Collezione Moto Poggi
With Phil Aynsley
Earlier this year I had the opportunity to photograph the Collezione Moto Poggi, located just outside Bologna in Villanova di Castenaso.
The current home to Pierluigi Poggi’s collection was opened in 2012 and houses the largest gathering of racing Yamahas in Europe, as well as bikes from many other marques.
While the vast majority of the bikes on display are Pierluigi’s, a number are on loan from other collectors and Yamaha Europe.
The bikes are displayed in four main halls with an additional room that houses the Minarelli family’s own collection.
Hall 1 has over fifty racing Yamahas, ranging from the company’s first production racer – the 1959 250cc Clubman Racer (also known as the YDS1R), to 990cc M1 MotoGP bikes.
Hall 2 contains many pre WW II racing machines including examples from DKW, F.B. Mondial, MV Agusta, etc. Hall 3 has mainly post WW II bikes such as Rumi, CM, Montessa & Yamaha.

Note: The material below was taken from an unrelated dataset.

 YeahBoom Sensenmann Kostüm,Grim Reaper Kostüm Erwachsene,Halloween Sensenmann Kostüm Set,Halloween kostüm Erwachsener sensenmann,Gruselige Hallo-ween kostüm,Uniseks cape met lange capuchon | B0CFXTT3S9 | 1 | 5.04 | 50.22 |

Hall 4 is home to an impressive line up of Yamaha WSBK racers and is also used for temporary exhibitions. During the the time I was there Frankie Chili was dropping in items for an exhibition to celebrate his 24 years in racing and graciously posed for a few shots.
As can been seen there is no shortage of air-cooled TDs and water-cooled TZs here! From a 8.3hp TZ50 to the mighty TZ750.

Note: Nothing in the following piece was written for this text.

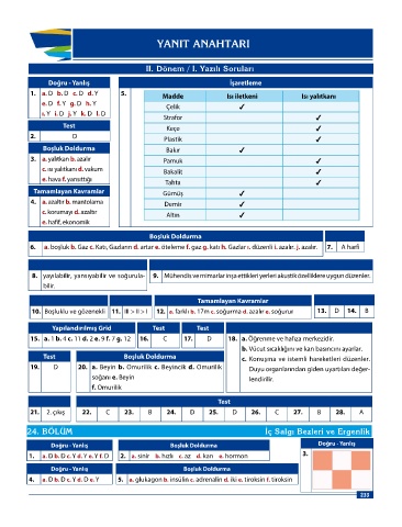 6. a. Y b. D c. D d. Y e. Y f. D 7. A 8. D 9. a. sinir b. merkezi c. cevap d. tepki Doğru - Yanlış İşaretleme

A notable inclusion is one of Carlos Lavado’s 1986 World Championship winning YZR250/OW82s.
On a mezzanine are several YZR500s from 2002, including one of Garry McCoy’s bikes plus others ridden by Olivier Jacques and Norick Abe.
Two ex-Rossi YZR-M1s are also on display – a 2004 990cc and a 2007 800cc. An ex-Checa 2003 YZR-M1 rounds out the bikes on this level.
The mezzanine in Hall 2 has a display of about 50 micro motors (under 50cc). From Atala to Zurcher, via Benelli, Ceccato, Cimatti, DEMM, DKW, Ducati, Garelli, Grillo, JLO, Ibis, Imex, Itom, Malanca, Morini, Mondial, MV Agusta and Tomos.
Race and road bikes galore!
The oldest bike in the collection is this 1899 200cc Keller Donrion. Output 1.75hp!
At the other end of the spectrum – a 1993 Yamaha V-Max.
Two examples of the little known Binassi brand. A 125cc Competizone and 175 Sport. Both from 1971.
Now retired banker Nerio Pancaldi has been creating unique bikes since 1963. Typically using an unassuming small capacity Italian bike as the base, he designs and engineers major engine changes such as converting an OHV to a DOHC.
Or fitting his own desmo heads. A water-cooled 125cc gear-driven DOHC parallel twin is a completely original design.
Noriyouki Haga’s 2000 YZF-R7 OW-02 heads this row of WSBK racers. After a problematic debut of the new design in 1999, Haga had a much more successful time the following year, finishing 2nd to Colin Edwards, with 4 wins. 2000 was also the R7’s last year, as Yamaha withdrew from WSBK at the end of that season.
Pierfrancesco “Frankie” Chili poses with his first racing motorcycle, a Malanca he rode in 1982, during the setting up of a special exhibition to celebrate his 24 year racing career. The 4th Hall is used for such special events, including being the control point for historic races passing through Bologna.
One room on the first floor houses ten of the Minarelli family’s competition bikes plus dozens of production and prototype motors. The No3 streamliner set five 175cc world records in 1971 and two more in 1975.
The No1 bike set two 100cc records in 1971 and two in 1973. Successful 75 and 50cc bikes are also seen. One prototype motor on display is a 4-stroke 1954 DOHC 175cc unit.
Angel Nieto’s 1981 125cc title winning Minarelli twin. Nieto had also won the ’79 title on an earlier version, then with Minarelli passing the design onto Garelli for the 1982 season, he won in ’82, ’83 & ‘84 on the basically unchanged machine. With only small changes Fausto Gresini then took the title in ’85 & ’86 and Luca Cadalora in ’87. The Constructor’s trophy and certificate accompany the bike.